Solving the GIGO problem: Using Schemas to Enhance Value of Data
Data science is a powerful tool for delivering better products and experiences to customers. Good data analytics lets you identify problems in real time, and fix them fast. But you can’t reap that benefit without good data, and ensuring that you have good data is one of the great challenges for data scientists. We’ve found that schemas can provide powerful tools to address that challenge.
At Comcast, we use data analytics to improve our products and deliver better, faster, more reliable experiences to our customers. In order to do that, we collect large amounts of non-personal telemetry data about network utilization, latency, throughput and any technology issues that may be impacting performance.
We use that data to identify usage “hot spots”, ensure consistent video quality, and measure how services like DVR and Video on Demand, among many others, are performing.
Data Scientists have a colorful shorthand expression for the issues around ensuring good data inputs: “garbage-in-garbage-out” or “GIGO”. The GIGO problem is just what it sounds like. You can’t deliver powerful data analytics results unless you have good data to start with.
Our analytic process involves integrating data from several different internal sources. Early in our process, there were few standards on naming conventions, and spotty documentation. The old rule of thumb applied: 70% of the analysts’ time went into gathering, understanding, cleaning and integrating the data, while only 30% went into doing the actual analyses and simulations.
The solution: data governance
My colleagues and I in Comcast Technology and Product are developing a new internal system as a single point of ingest for real-time data, and a set of data storage solutions that are designed to avoid these data integration problems. We do this through data governance. Data governance is an elegant way to make data discovery and integration easy, and ensure good source material for powerful analytic solutions.
Our data governance solution is based on pairing all data in our system with a schema that describes it syntactically (what its form is) and semantically (what it means). We use Apache Avro, an open source schema representation language and data serialization format. There are many pluses to using Avro’s serialization, including excellent compression rates, but we’ll focus here on Avro schemas.
Avro schemas enforce the types and structures of data, and also document the meaning of each attribute. A library of core subschemas enables reuse of standard naming conventions and formats for commonly referenced data such as device, network interface, error, and tracing messages as they move across the network. When core subschemas are used and the data producer refers to “deviceId”, the semantics of that field are well known and documented.
Avro schemas follow the data from the upstream to the downstream end of the internal data infrastructure, from initial ingest via Apache Kafka, through intermediate processing and enrichment in flight, until it finally is at rest in one or more data storage options (big data lake, key-value store, time series database, etc.).

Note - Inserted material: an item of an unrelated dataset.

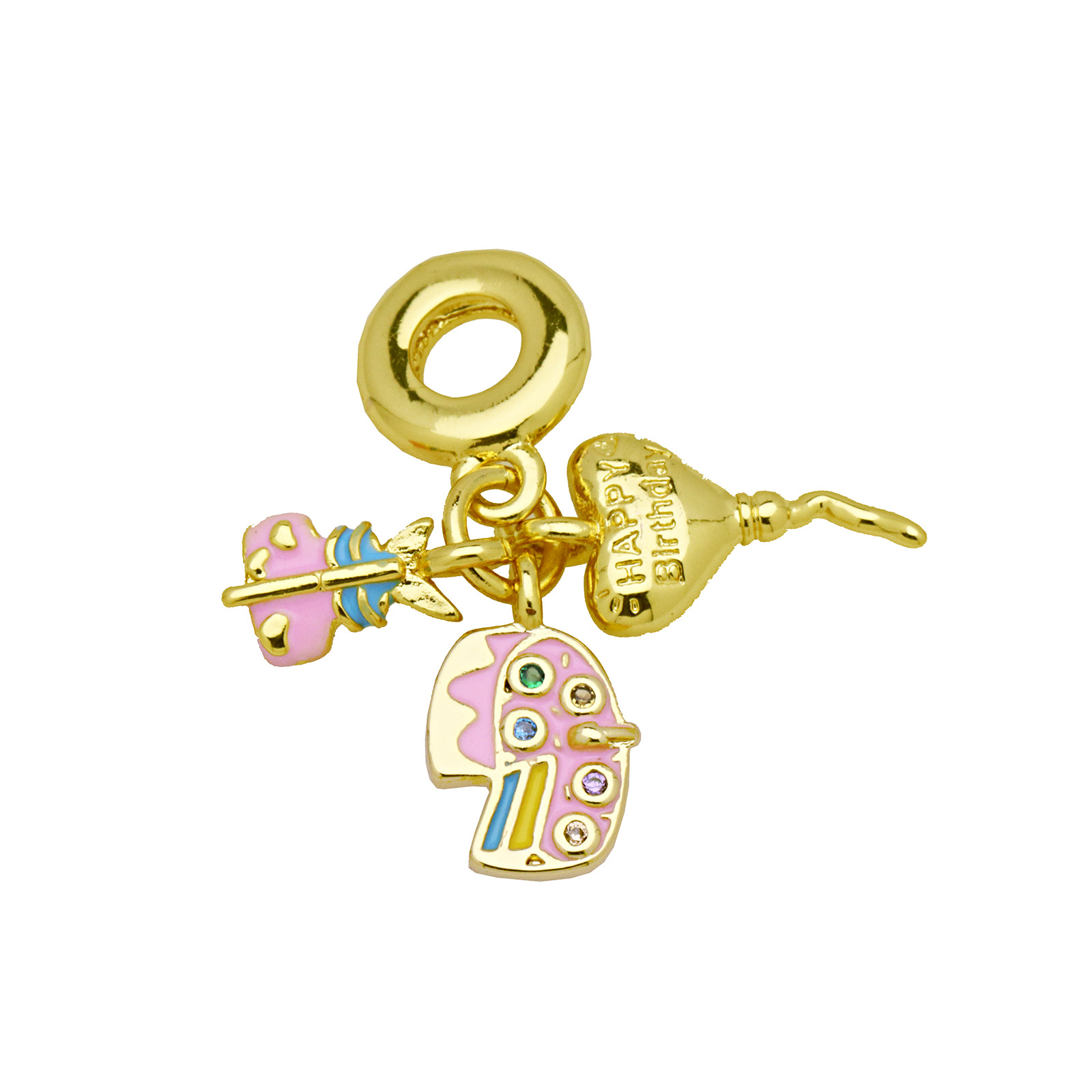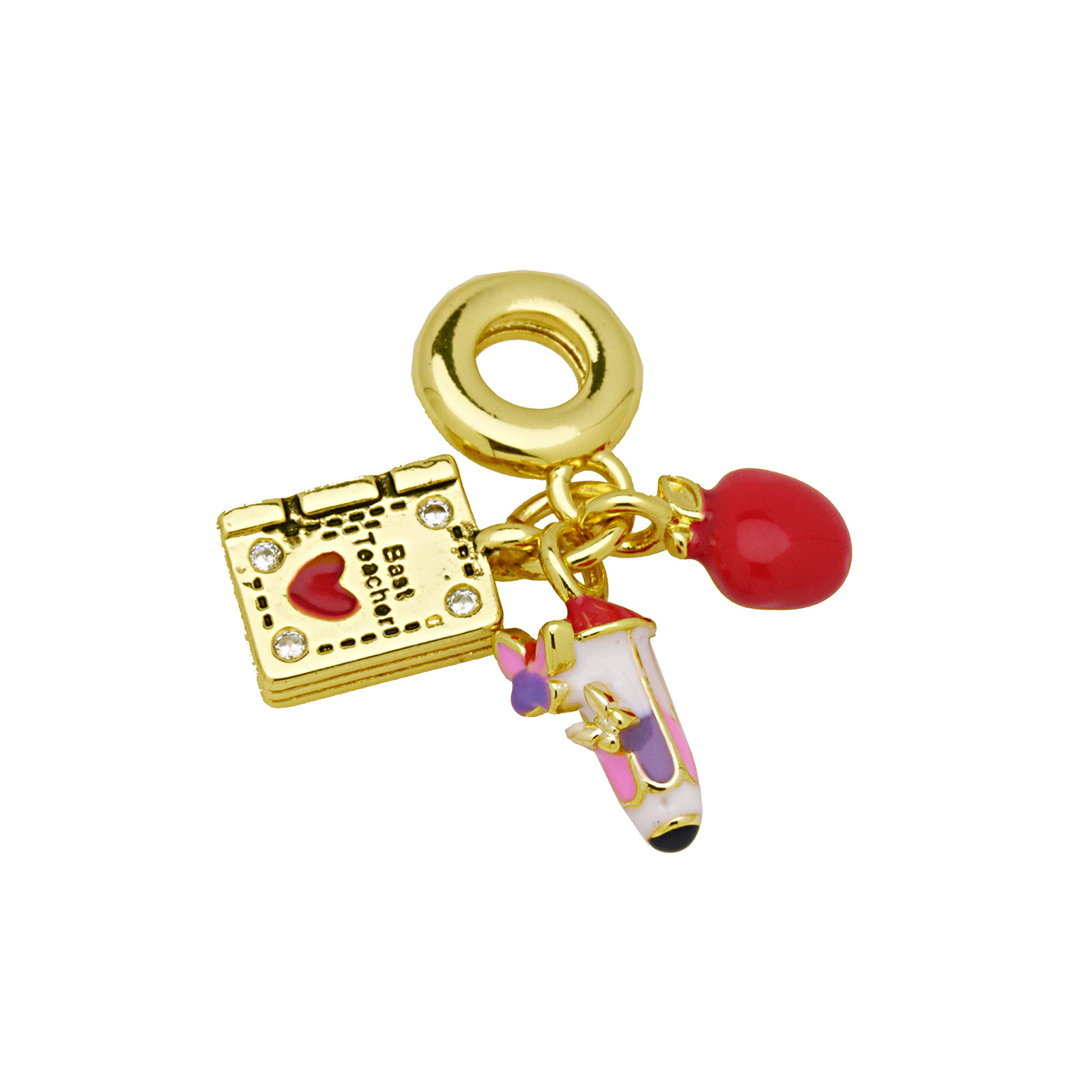 Terningformet Zirkon Micro Pave Messing vedhæng, guldfarve belagt, Anden figur til valg & du kan DIY & Micro Pave cubic zirconia & emalje, flere farver til valg, nikkel, bly & cadmium fri, 3pc'er/Bag, Solgt af Bag

This enables us to understand and integrate data at any point in its journey.
We are currently exploring open source tools to add data discovery and data lineage to our data governance platform. Then we can trace the movement of a dataset or even a single data message from ingest all the way to storage. We can answer questions like: “Where in the ecosystem can I find data about X?”; “In which data stores can I find data that came in via Kafka topic Y?”; “Where did the data I’m looking at in this database come from (i.e. who produced it), and how has it changed since it was first ingested?”
Data analytics involving the integration of several disparate datasets is doomed to failure due to the GIGO rule, unless the datasets are well understood, validated and governed. We are using Apache Avro schemas as the backbone of our data governance solution, to solve the GIGO problem. Thus, we enable analysts to use the data to produce the best possible understanding of network utilization, errors, and metrics, and ultimately improve the quality of service for Comcast customers.